:: DATA FOR THIS TASK ::

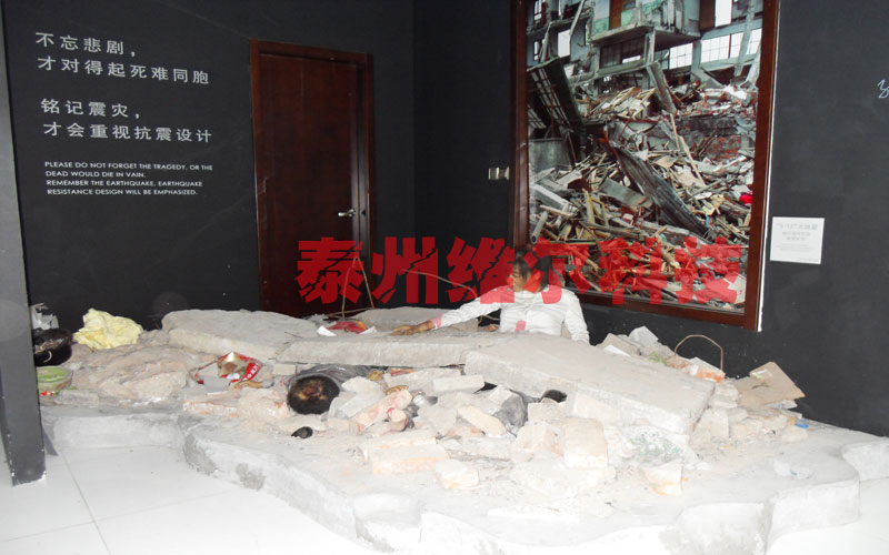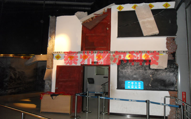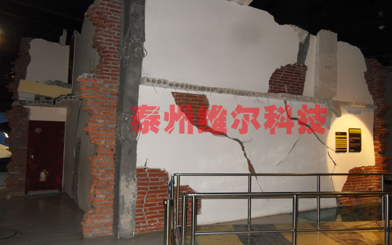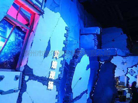 產品名稱:地震廢墟場景 產品介紹:地震廢墟造型及震后破裂場景營造震后殘破效果,由一座3維空間的地震廢墟場景造型,通過對展廳傾斜墻的利用,由墻面、地面及頂面構造出一個震后殘破的建筑,給人以震撼的視覺效果;
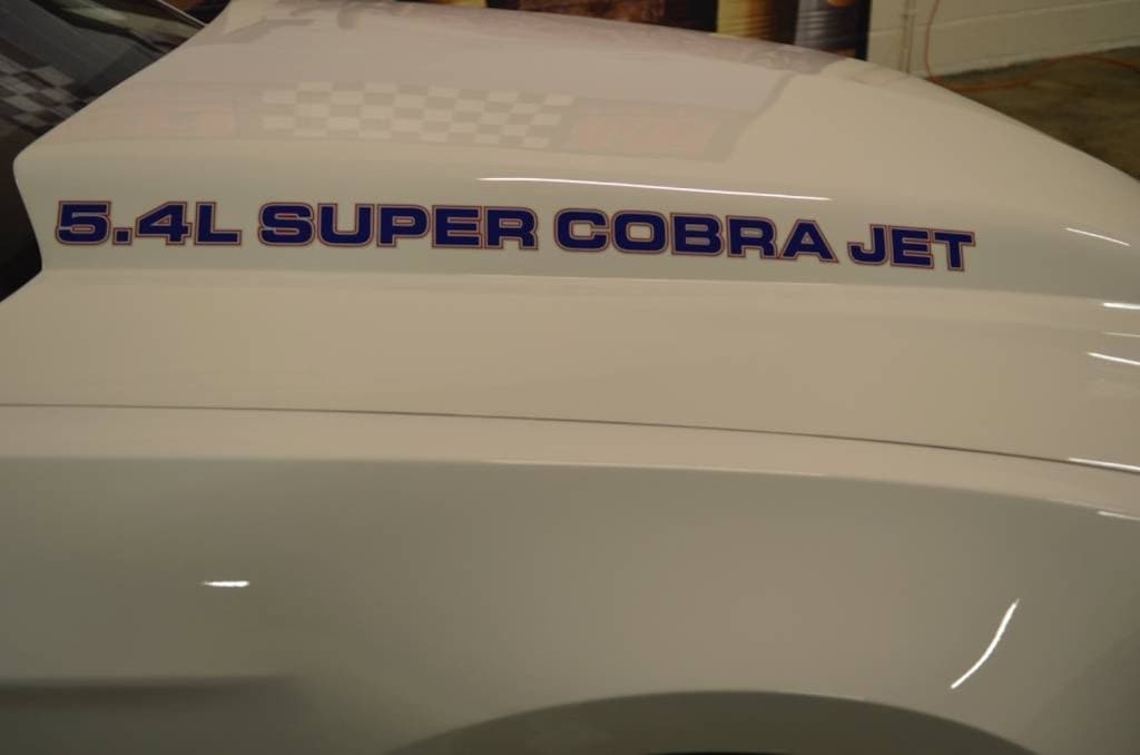 THIS MUSTANG COBRA JET IS POWERED BY AN ALL ALUMINUM, 5.4-LITERDOHC ENGINE WITH OPTIONAL 4.0 LITER WHIPPLE SUPERCHARGER AND JOEL'S ON JOY 2SPD AUTOMATIC TRANSMISSION. IT RIDES ON WELD RACING COBRA JET WHEELS WRAPPED IN GOOD YEAR COBRA JET BRANDED TIRES. IT'S FINISHED IN WINNER WHITE WITH OPTIONAL GRAPHICS PACKAGE.
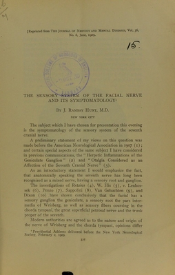 The sensory system of the facial nerve and its symptomatology / by J. Ramsay Hunt.
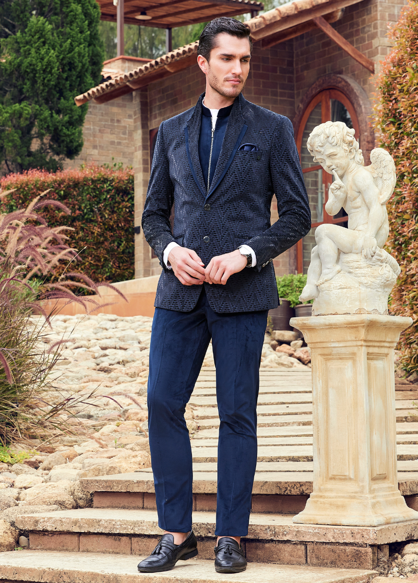 - Rendered in navy blue, providing a sleek and versatile foundation for any formal occasion
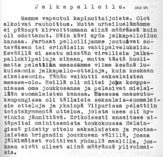Sodan melskeet jatkuivat kolme kuukautta - kesän urheilutoiminta alkoi haparoivasti, mutta 20.10.1918 Viipurin Reippaan jalkapalloilijat pelasivat jo Helsingissä SM-cupin finaalissa, missä HJK kuitenkin oli luvuin 3-0 parempi.
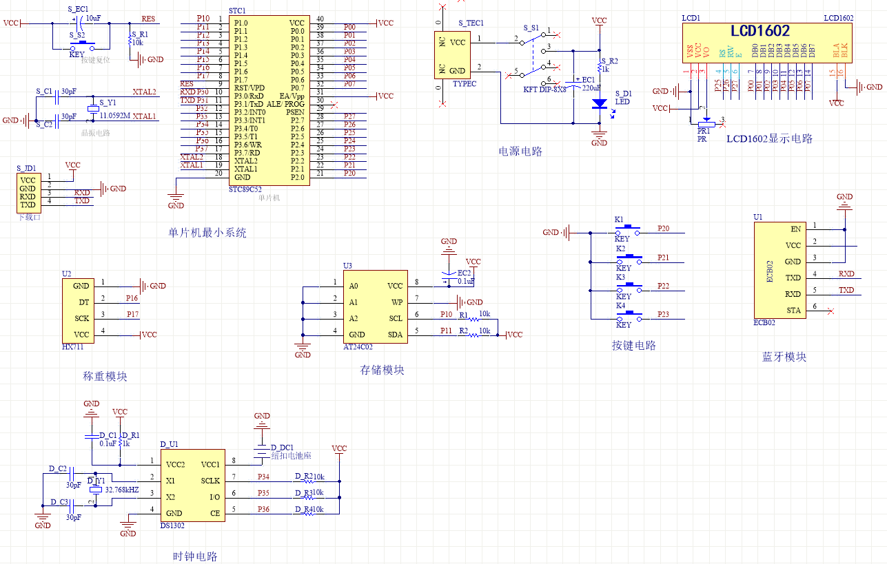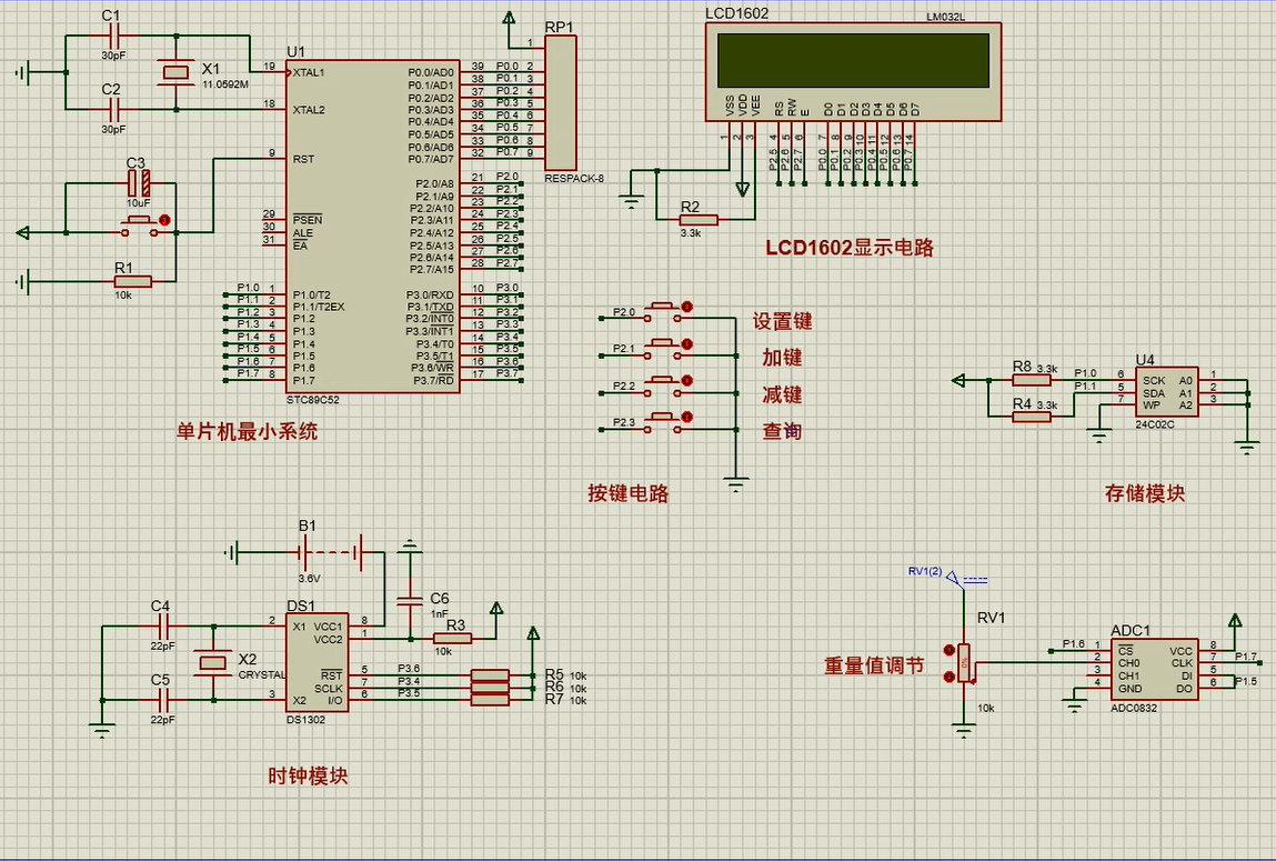 电子称主要以STC89C52单片机作为中心控制单元,通过HX711称重传感器进行重量检测,在配以键盘、显示电路及软件来组成。电子称不但计量准确、快速方便,更重要的自动称重、数字显示,对人们生活的影响越来越大,广受欢送。本系统的设计主要从硬件电路设计,软件编程调试,实物焊接调试等部分进行详细阐述。硬件电路主要是基于单片机STC89C52为核心的控制单元实现数据的处理,通过HX711压力传感器对数据进行采集,通过DS1302获取时间,AT24C02存储器用于存储时间和重量数据,然后将采集到的数据送到主控单片机进行处理显示,数据显示由LCD1602液晶实现,液晶显示效果稳定无闪烁。
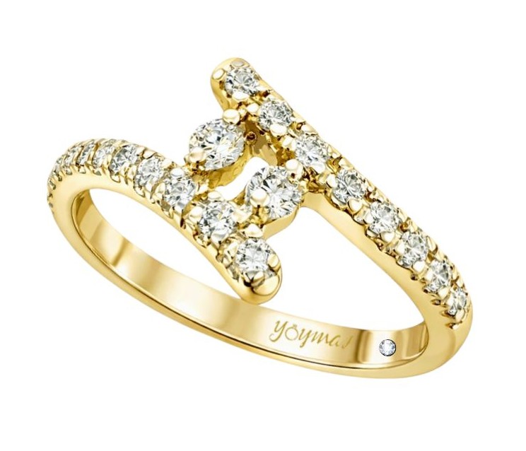 Anillo montura encontrada sesgada 2 C/Z 2.25mm 9 C/Z 1.5mm c/lateral con un Diamante de 1mm (0.5pts) incrustado en la parte interna del anillo ancho 2mm 10K 50
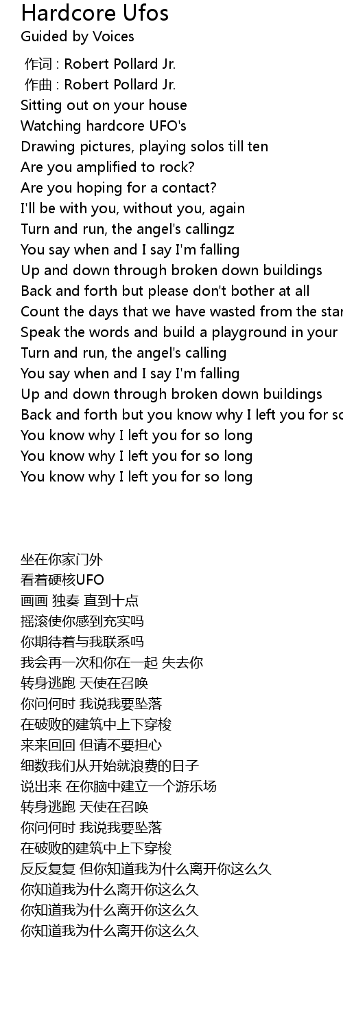 | [00:00.000] | 作词 : Robert Pollard Jr. |
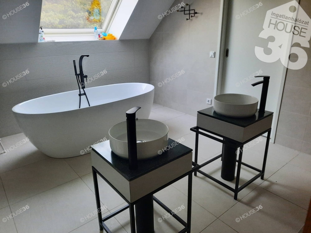 Két darab átlagos nappali méretű fürdő, és ezekkel közvetlen kapcsolatban álló lakószobák foglalnak helyet az épület két oldalán.
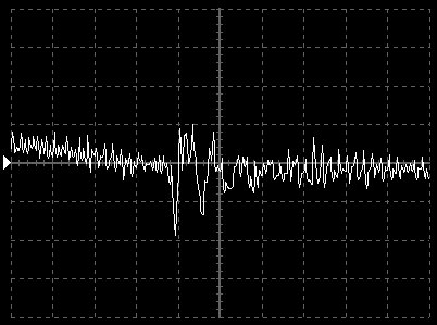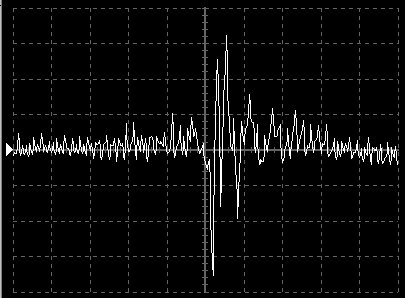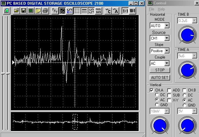 Empfindlichkeit pro Bildschirmteilung: 10 Millivolt (im Bild Vertical CH.A, Einstellung AC).
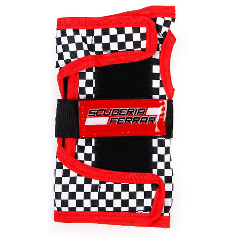 - Setul contine de asemenea casca, marimea M, din material EPS, cotiere, genunchiere toate personalizate cu Ferrari.
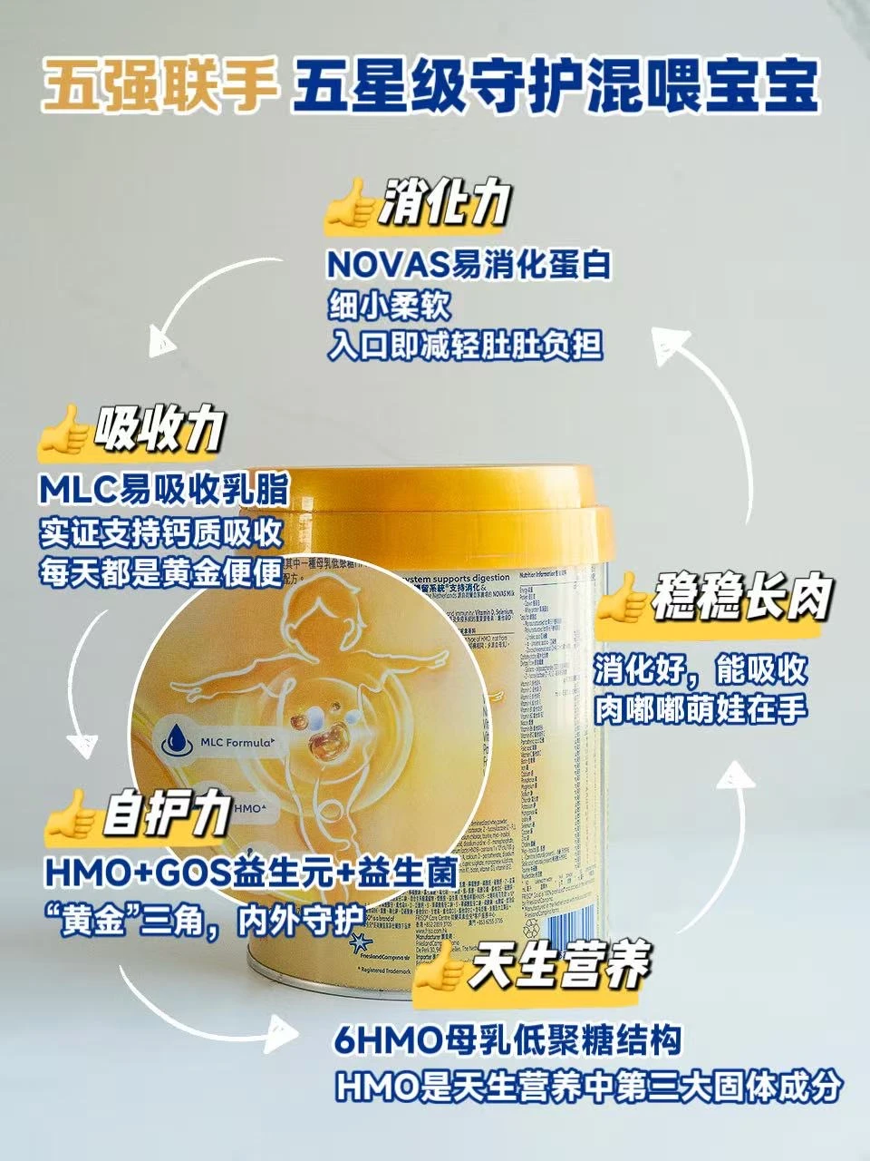 它升级了五强联手后,配方升级到妈妈心坎上了。全新的MLC易吸收乳脂,帮助钙质吸收,让噗噗可以更软乎!搭配NOVAS易消化蛋白,分子细小柔软,稳稳拿捏消化吸收,给肚肚打好基础,6种HMO结构,HMO内外兼守保护肚肚[赞R]加上超百种GOS益生元结构,益生元能为有益菌提供充足能量,再补充上HN019益生菌,这样的HMO+益生元+益生菌,形成坚固“黄金”三角,促进肚肚保持活力[哇R]

:::

◆ **WHAT YOU HAVE TO DO**
In the records above, find the line that contains "- Setul contine" and retype it and all lines after it exactly, leaving out any pictures.

◆ **TASK SOLUTION**
 - Setul contine de asemenea casca, marimea M, din material EPS, cotiere, genunchiere toate personalizate cu Ferrari.
 它升级了五强联手后,配方升级到妈妈心坎上了。全新的MLC易吸收乳脂,帮助钙质吸收,让噗噗可以更软乎!搭配NOVAS易消化蛋白,分子细小柔软,稳稳拿捏消化吸收,给肚肚打好基础,6种HMO结构,HMO内外兼守保护肚肚[赞R]加上超百种GOS益生元结构,益生元能为有益菌提供充足能量,再补充上HN019益生菌,这样的HMO+益生元+益生菌,形成坚固“黄金”三角,促进肚肚保持活力[哇R]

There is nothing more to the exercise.